Today's household budget may balance. Today's mortgage, today's school fees, today's weekend habits may all sit comfortably within today's income. But the question a financial planner is always really asking is a different one: will the same life still be affordable in two years? In five? In ten?
That question is shaped — often invisibly — by three forces working constantly on your financial position. They don't announce themselves. They don't send letters. They simply compound, year after year, until one day the maths no longer works the way it used to.
While every household navigated its own financial pressures, Australia itself was managing its own version of the same story — population growth, rising service demands, debt accumulation, and the constant tension between what we want from government and what we're prepared to pay for it.
The forces pressing on individual finances — inflation, tax, interest rates — are not random. They are, to a significant degree, the product of policy decisions made at the national level. And those decisions are themselves driven by a population that is growing, ageing, and making increasing demands on public services.
Between 2010–11 and 2025–26, 5.7 million people joined Australia. Some were born here. Some moved here. It doesn't matter much which, because the impact is the same either way: 5.7 million people who needed somewhere to live. Somewhere to work and earn an income. Somewhere to shop, somewhere to go to school, somewhere to be treated when they were sick. 5.7 million people who needed roads to drive on, water to drink, courts to resolve their disputes, and a government willing to be responsible for their safety and their basic welfare.
Some of those 5.7 million became taxpayers and productive contributors almost immediately. Some — the very young, the very old, those arriving with little — drew on services long before they could contribute to funding them. Most, over time, would become net contributors. But in the meantime, Australia's governments had to find ways to stretch every existing hospital, school, road, and welfare programme further — or build new ones. That costs money. And when governments spend more money than they collect, the difference becomes debt. Debt that has its own carrying cost, paid for by future taxes on future Australians.
This is not a criticism of immigration or of population growth. A larger population also means a larger economy, more workers, more taxpayers, more dynamism. It is simply an honest account of how scale works: more people means more demand on everything, and someone has to work out how to pay for it.
Sources: ABS 3101.0 (population, June quarter estimates); Commonwealth Budget Papers (spending, debt). Per-capita figures divide aggregate by estimated resident population.
Per-capita government spending nearly doubling in 16 years is not necessarily a failure — it reflects real service demands from a growing and ageing population. But it does mean that the tax burden required to service that spending is real, and growing. The fiscal environment is not background noise to financial planning decisions. It is the stage on which those decisions play out. Government debt of $41,400 per person is, ultimately, a deferred tax claim on future income — potentially including yours.
We take a financial planner's lens to sixteen years of Australian data — 2010–11 through 2025–26 — across five income levels, from $60,000 to $250,000. We track what tax actually took from each income every year. We measure what inflation did to purchasing power. We expose the gap between what the numbers look like and what they actually mean for the capacity to keep living the way you currently live.

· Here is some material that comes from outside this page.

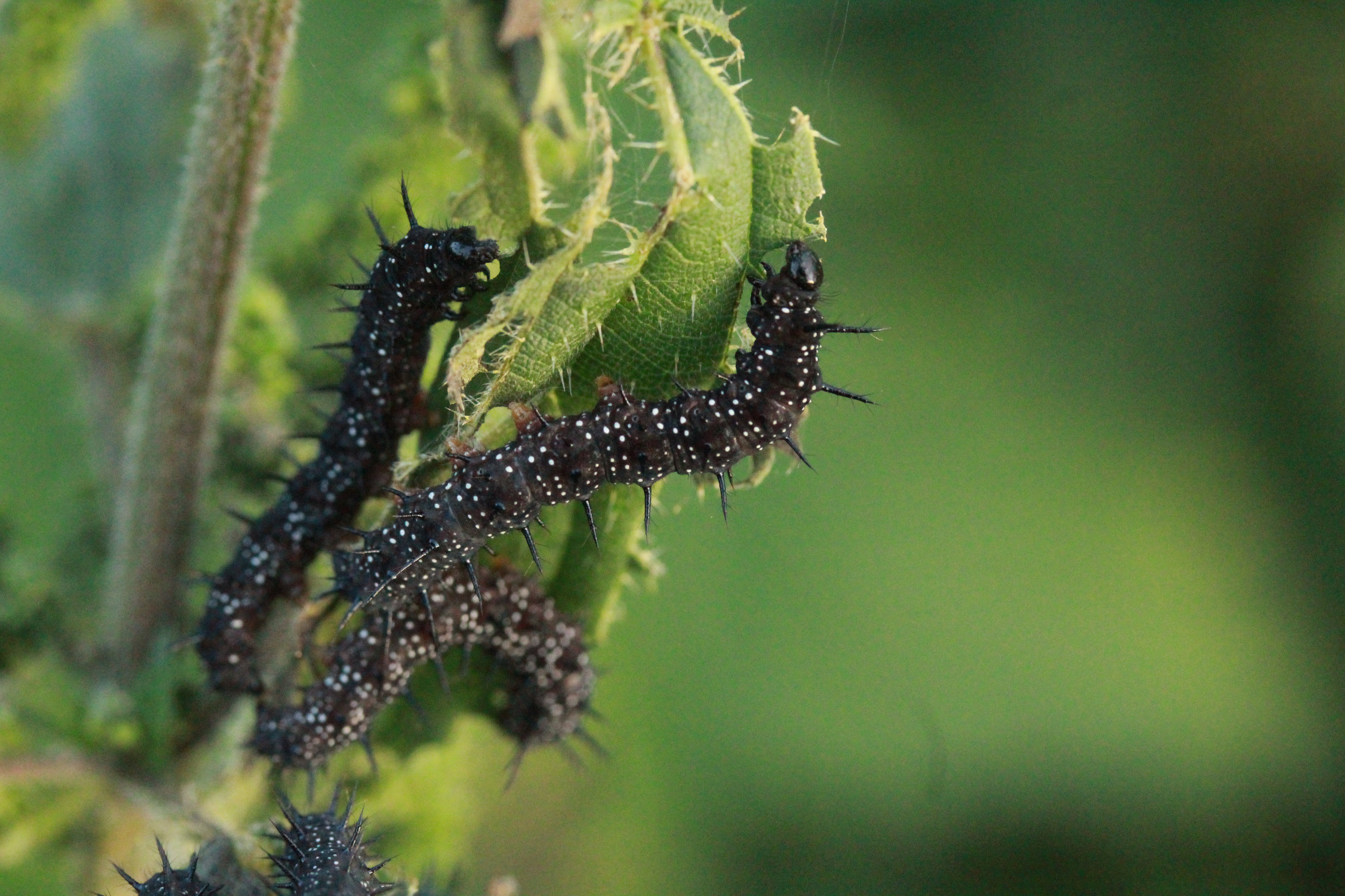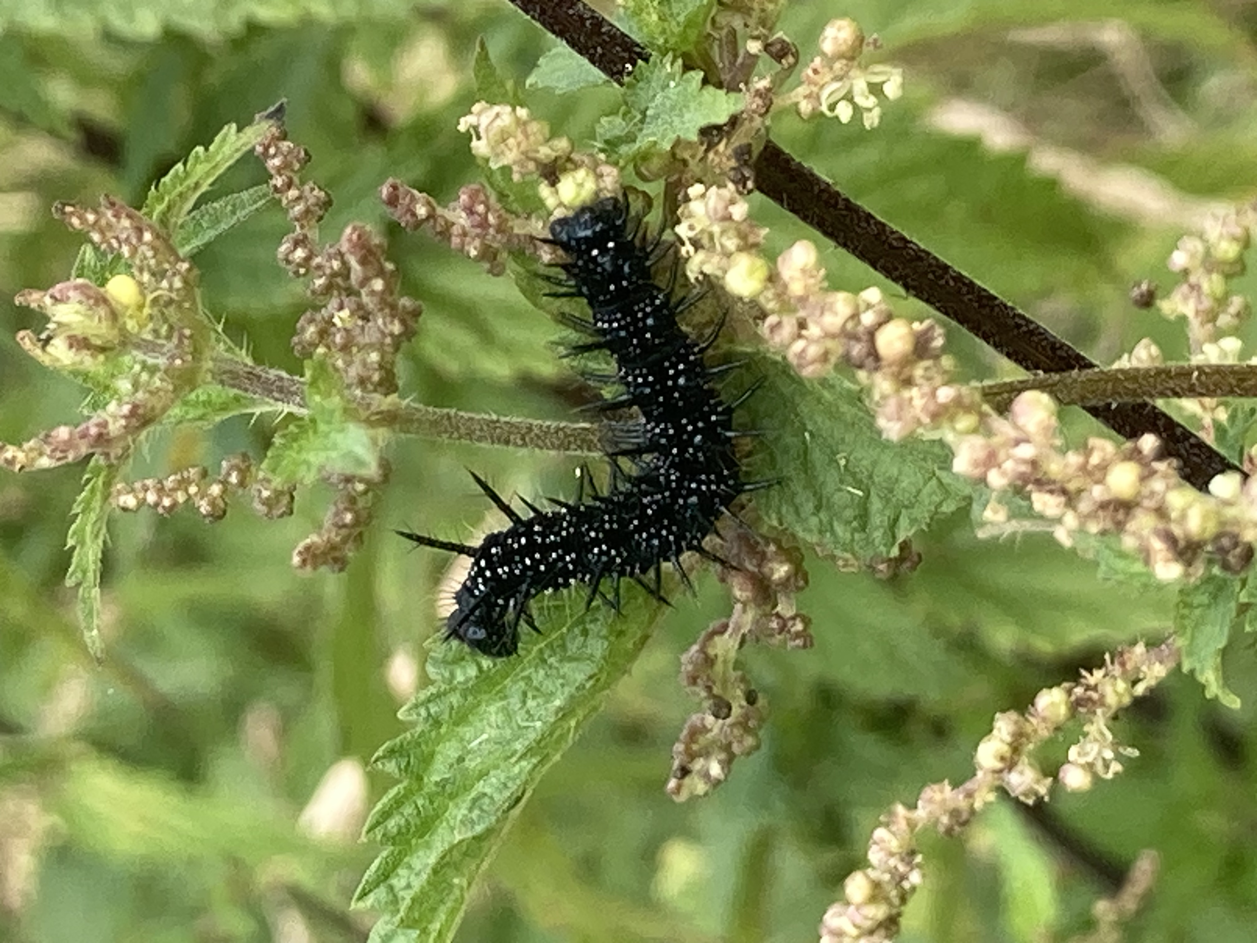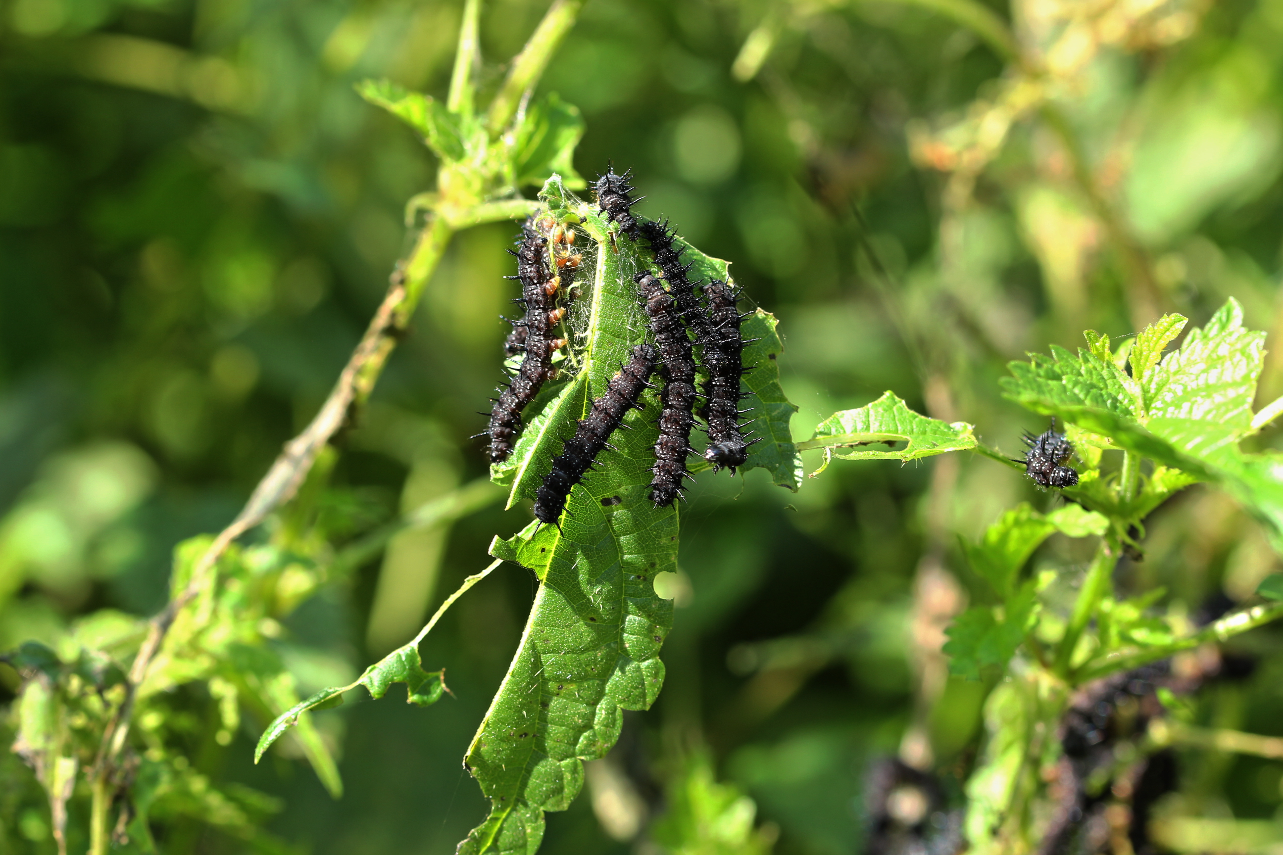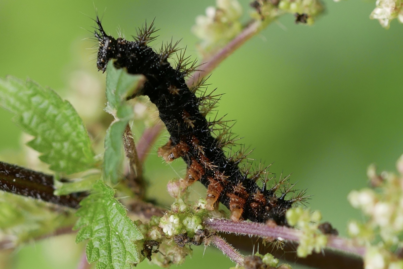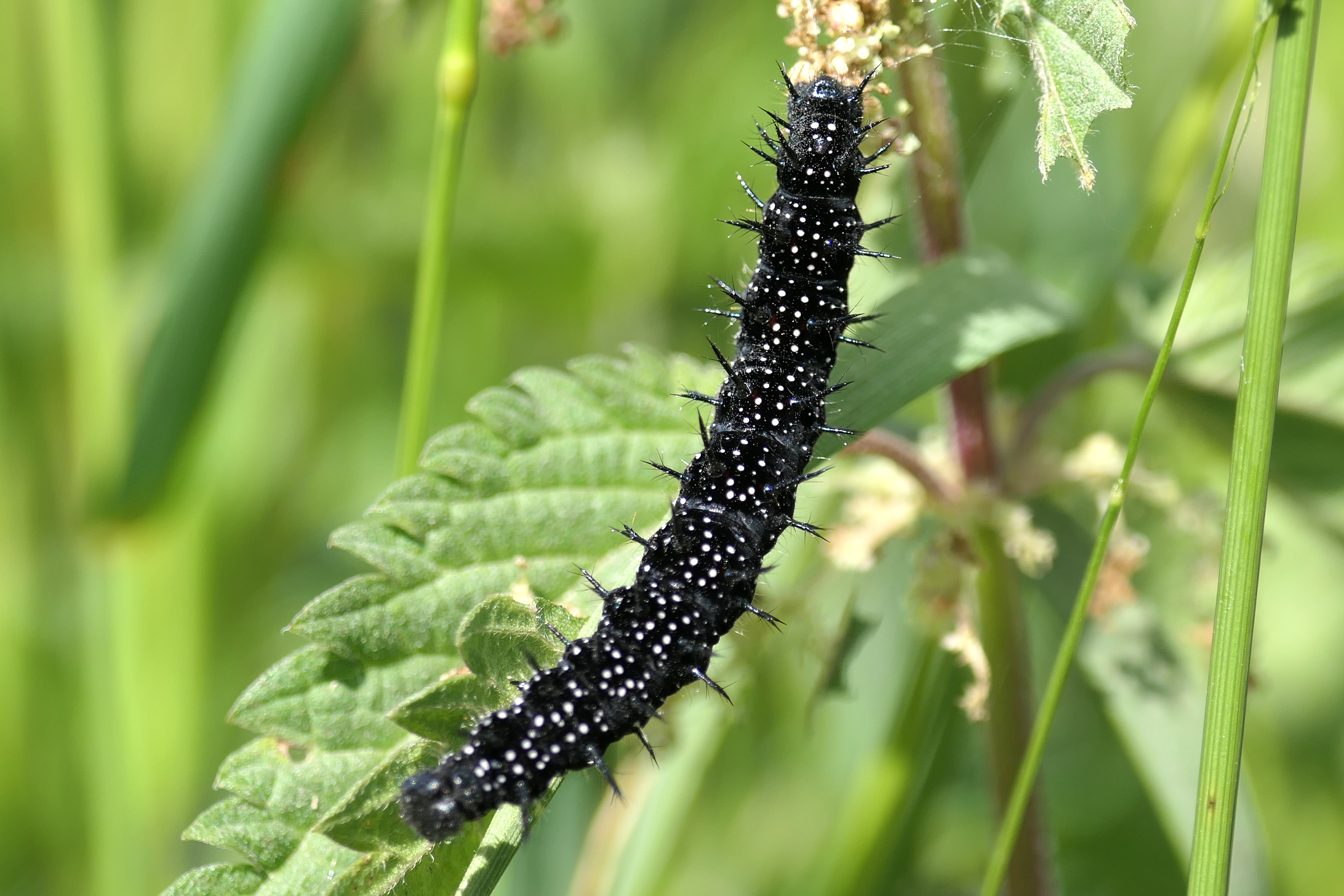 Tagpfauenauge (Aglais io (Linnaeus, 1758)), Larven in verschiedenen Entwicklungsstadien, bei Taubenheim, August 2016.

In the process, we surface some of the less obvious dimensions of financial planning — the kind of things that only become visible when you lay the data out year by year, side by side, and look at it honestly.
Analysis prompted by: Falinski, J. "Spender's tax reform plan doesn't tackle real causes of unfairness," AFR, 17 March 2026.
What 16 years of data shows — for individual households and for Australia as a whole
Wages grew 69% on average. Costs grew 53%. On that arithmetic, the average worker whose income tracked the average came out modestly ahead in real terms — still living the same life, but with a little more room. That is the good outcome. The problem is that "the average" is the summary of a very wide distribution, and what matters is where you sit within it. The distance between being on the right side and the wrong side of that average, compounded over sixteen years, is not a rounding error. It is the difference between financial comfort and financial stress.
All five income levels in this analysis — $60,000, $90,000, $120,000, $180,000 and $250,000 — are held constant across the full 16 years. The gross income doesn't change. This is deliberate: it isolates the effect of tax policy and inflation from the separate question of whether someone got a pay rise. Many Australians are in exactly this position — self-employed people whose business income has plateaued, retirees drawing a fixed pension amount, investors living off income that hasn't grown with the market. For them, the squeeze is not hypothetical. It is the numbers in the table above, applied to their actual life.
Enter your income and assumptions — see what inflation, tax, and time are doing to your purchasing power
Major structural changes to Australia's income tax system, 2010–11 to 2025–26 — click to expand ▾
After-tax net income and effective rates — all five income levels, 2010–11 to 2025–26
Net after-tax income for each income level held constant at its gross amount across all 16 years. Includes all taxes and applicable offsets.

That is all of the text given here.